Signal Jamming oder Faraday-Käfig und Telefonboxen?

Die Wahl hängt vom Ziel ab. Ein Faraday-Käfig ist kostengünstig, passiv und stört keine anderen Funkdienste außerhalb des Raums, bietet aber keine selektive Kontrolle. Aktive Signal Jammer können selektiv innerhalb eines begrenzten Raums arbeiten und Mobilfunk, WLAN und Bluetooth gezielt überlagern. Telefonboxen oder Safeboxen sind eine dritte Variante: Sie schirmen einzelne Geräte ab, etwa bis zu 16 Telefone in einer Faraday Safebox oder bis zu 4 Telefone in einer kompakten SAFEBOX. Für Prüfungsräume ist die Kombination aus passiver Raumdämpfung und aktiver, selektiver Störung oft die pragmatischste Lösung, weil sie sowohl spontane Nutzung als auch gezielte Umgehungsversuche abdeckt.

Rechtliche und organisatorische Grenzen im Prüfungsbetrieb

Signal Blocker sind kein reines Technikthema. Der Betrieb von Störsendern ist in vielen Ländern reguliert, weil er öffentliche Funkdienste beeinträchtigen kann. Bildungseinrichtungen sollten deshalb vorab klären, welche Geräte zugelassen sind, welche Bänder gestört werden dürfen und wie lange der Betrieb dauert. Organisatorisch hilft ein klarer Ablauf: Geräte vor der Prüfung testen, während der Prüfung überwachen und nach der Prüfung dokumentieren, welche Netze wie stark gestört wurden. So lässt sich belegen, dass die Maßnahme verhältnismäßig war und der Prüfungsbetrieb nicht unnötig gestört wurde.
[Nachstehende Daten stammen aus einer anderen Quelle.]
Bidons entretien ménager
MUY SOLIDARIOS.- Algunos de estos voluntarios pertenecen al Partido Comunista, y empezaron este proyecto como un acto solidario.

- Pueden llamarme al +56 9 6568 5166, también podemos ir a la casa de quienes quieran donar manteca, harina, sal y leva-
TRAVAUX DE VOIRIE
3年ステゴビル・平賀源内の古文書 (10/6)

Ein weiterer praktischer Punkt ist die Personalentlastung. Wenn Mobilfunksignale zuverlässig unterdrückt werden, müssen Aufsichtskräfte nicht ständig einzelne Geräte kontrollieren. Das reduziert Konflikte und schafft eine ruhigere Prüfungsatmosphäre. Gleichzeitig bleibt die Aufsicht nötig, weil Jammer keine perfekte Abdeckung garantieren und Prüflinge technische Umgehungen versuchen könnten.

Häufige Fragen zu Signal Blockern in Prüfungsräumen

Wie funktioniert ein Prüfungs-Störsender?
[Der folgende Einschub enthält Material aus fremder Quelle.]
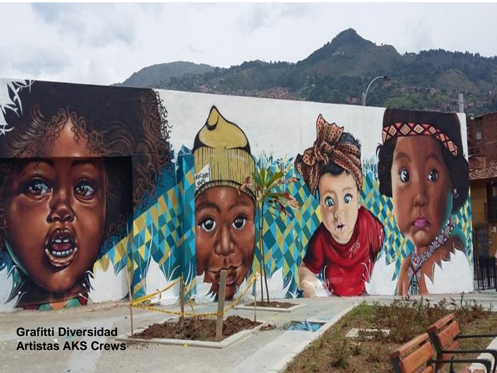
Graffiti Diversidad Artistas AKS Crews

Er sendet dauerhaft Störsignale auf denselben Frequenzen, die Mobiltelefone und andere Funkgeräte nutzen. Dadurch werden die Kommunikationsbänder im Prüfungsraum überlagert, das Telefon zeigt keinen Dienst an und kann weder ins Internet gehen noch Nachrichten senden.

Welche Signale kann ein Signal Blocker für Prüfungsräume blockieren?

Üblicherweise werden 2G, 3G und 4G blockiert, einige Modelle decken zusätzlich 5G, WLAN auf 2,4 und 5 GHz, Bluetooth, GPS und GNSS ab. Innenraumsysteme arbeiten dabei in einem definierten Radius von bis zu mehreren zehn Metern, abhängig von Leistung und baulicher Umgebung.

Wie testet man, ob ein Prüfungsraum-Jammer funktioniert?

Man testet die Abschirmdistanz mit mehreren Mobilfunknetzen statt nur einem Anbieter, weil Prüflinge unterschiedliche Netze nutzen. Mit einem Spektrumanalysator oder Signalgenerator wird der Jammer in einem geschlossenen Raum platziert und geprüft, ob das Messgerät noch Signale eines Testtelefons erkennt.

Warum setzen Schulen Signal Blocker in Prüfungsräumen ein?

Sie verhindern, dass Schülerinnen und Schüler per Smartphone schummeln, entlasten die Aufsicht und halten den Raum ablenkungsfrei. Da mobile Signale auch Social Media und Internetbrowsing unterbinden, unterstützen sie die akademische Integrität während der Prüfung.